# [filesystem]  /var/run et /run[résolu]

## bdouxx

Bonjour à tous

 *Quote:*   

>  * One or more symlinks to directories have been preserved in order to
> 
>  * ensure that files installed via these symlinks remain accessible. This
> 
>  * indicates that the mentioned symlink(s) may be obsolete remnants of an
> ...

 

J'arrive certainement après la bataille sur le sujet, mais j'aimerai juste comprendre le pourquoi de cela. Pas besoin de trop rentrer dans les détail, mais c'est juste que je ne trouve pas d'explication. 

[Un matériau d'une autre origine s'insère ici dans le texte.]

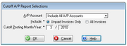 | 16:47, 16 March 2010 | Cutoff AP Report Selections.png (file) | 8 KB | Zach | Screen shot of Cutoff A/P Reports Selections. | 1 | |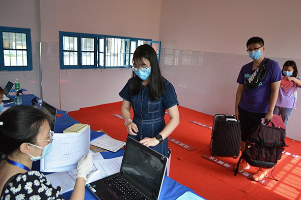 入寝室检查体温、消毒

une doc arch sur internet me dit : 

 *Quote:*   

> les répertoires /var/run et /var/lock seront remplacés par des liens symboliques vers /run et /run/lock, respectivement.

 

Ok, si ils veulent... Le repertoire /var/run est il toujours censé exister à terme? Pourquoi les programmes ne pointent ils pas directement sur /run?

 *Quote:*   

>  # dispatch-conf;source /etc/zsh/zprofile; 
> 
> --- /etc/conf.d/apache2 2013-03-04 20:44:03.000000000 +0100
> 
> +++ /etc/conf.d/._mrg0000_apache2       2013-03-08 08:14:44.000000000 +0100
> ...

 

Apache ne fait il pas le chemin inverse en pointant maintenant sur /var/run?

Merci d'avance pour vos explicationsLast edited by bdouxx on Sun Mar 10, 2013 9:24 pm; edited 1 time in total

----------

## boozo

'alute

long débat sur l'unification/standardisation du stokage des données d'exécutions au démarrage...   :Wink: 

De façon non exhaustive et sans orientation de ma part : voir ici, là, ou encore là.

----------

## El_Goretto

Sur le fond, c'est pas spécialement idiot du tout, et les scripts init gentoo ont bien commencé à intégrer le concept, à coups de "checkpath" pour recréer/vérifier leurs arborescence "run" à chaque démarrage.

----------

## netfab

En attendant que la situation soit clarifiée (pour le moment on a le cul entre deux chaises), si vous ne voulez plus voir ce warning :

 *Quote:*   

> 
> 
> You probably want to keep that /var/run symlink, at least until all of
> 
> your installed packages have been fixed to use /run directly. You can
> ...

 

http://www.gossamer-threads.com/lists/gentoo/dev/266184

----------

## bdouxx

merci pour vos réponse, c'est plus clair maintenant.

Et concernant apache je viens de me rendre compte, qu'en stable les versions ont fait un retour arrière  2.2.24 -> 2.4 ->2.2.24  et ça doit être pour cela que le fichier de conf met du /var/run.

----------